RC: W7 D3 — `ModuleNotFoundError` shenanigans

March 27, 2024

After implementing the bloom filter yesterday, Laurent thought about running a small script to compute a bunch of statistics and build some intuition about the behavior of bloom filters. So he wrote a script that imports the file containing our implementation, we put it in a scripts folder and executed it. And… instead of getting any statistics, we got the (common!) ModuleNotFoundError 😅.

Usually, when I get this error, I just add an __init__.py file in the module I am importing (src in this case) to tell Python “Hey! This is a module” and I don’t think anymore about it. But this time it did not work and, instead of trying to find some workarounds, we decided we would really understand what Python does.

So we created a minimal repository setup with the following structure:

my_project/
├───src/
│   ├───__init__.py
│   └───a.py
└───scripts/
    └───run.py

The src/a.py file contains:

print("in file", __file__)

And the scripts/run.py file contains:

import sys

print("sys.path", sys.path)

import src.a

print("Finished executing the script!")

With this, when we execute python scripts/run.py, we get a ModuleNotFoundError. By printing the content of sys.path, we get to see that there are a bunch of paths corresponding to the python installation and, more interestingly, one corresponding to the scripts folder ('/Users/maud/my_project/scripts'). That’s interesting because that is exactly why the src module cannot be found: it is located in '/Users/maud/my_project/ and this path has not been added to sys.path. What happens precisely is that Python adds the path to the directory containing the file that is being executed in sys.path (as mentioned in the docs). So moving the script to the root would solve the problem, but no one really wants to do this because files get completely disorganized.

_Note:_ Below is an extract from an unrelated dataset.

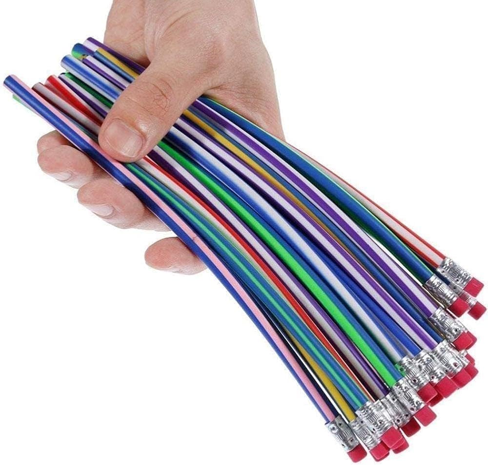 5Pcs colorful Stripe Soft Pencil Flexible Stationery Eraser Soft Writing Bendy Stu G9z8 Pencil Pens With Flexible,Wooden Lead Pencils,Not Easy to Break Office Products,Writing and Correction Supplies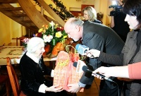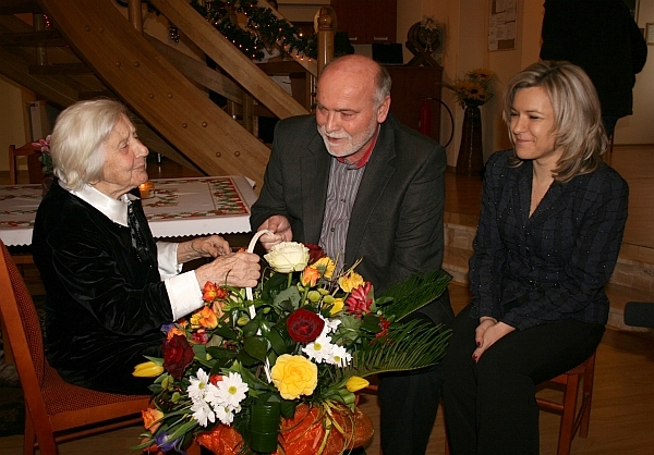 Pani Jadwiga Denkowska kończy dzisiaj 100 lat. Z tej okazji życzenia i gratulacje złożył jubilatce wiceprezydent Jerzy Gwiżdż, który życzył zdrowia, pomyślności i tak wspaniałej kondycji jeszcze przez długie lata. Do życzeń dołączyła się również Kierownik Urzędu Stanu Cywilnego Malgorzata Antkiewicz-Wójs. Pani Jadwiga otrzymała listy gratulacyjne od Prezesa Rady Ministrów i Wojewody Małopolskiego oraz pamiątkową księgę z życzeniami od władz miasta, kwiaty i urodzinowy upominek - radiomagnetofon ze słuchawkami, ponieważ jak sama podkreśla bardzo lubi słuchać muzyki, a nawet czasem zatańczyć.

There are several workarounds to avoid this:

Laurent figured that Python uses “path configuration files” that are located in the site-packages folder and having a .pth extension. As mentioned in the docs, the content of those files is added to sys.path. So if we add the path to the root directory in it, it’s all solved.

We can do this easily by adding a small script that does this:

import os, site, pathlib

# Define path to pth file
pth_filename = f"{pathlib.Path(__file__).stem}.pth"
site_packages_directory = site.getsitepackages()[0]
pth_file_path = os.path.join(site_packages_directory, pth_filename)

# Add root directory to pth file
root_directory = os.path.abspath(os.path.dirname(__file__))
with open(pth_file_path, 'w') as f:
    f.write(root_directory + '\n')

print(f"Added '{root_directory}' to '{pth_file_path}'.")

After executing this setup script, the .pth is configured correctly, and the trouble with importing modules is gone forever.

I created a small repo with the correct minimal setup here.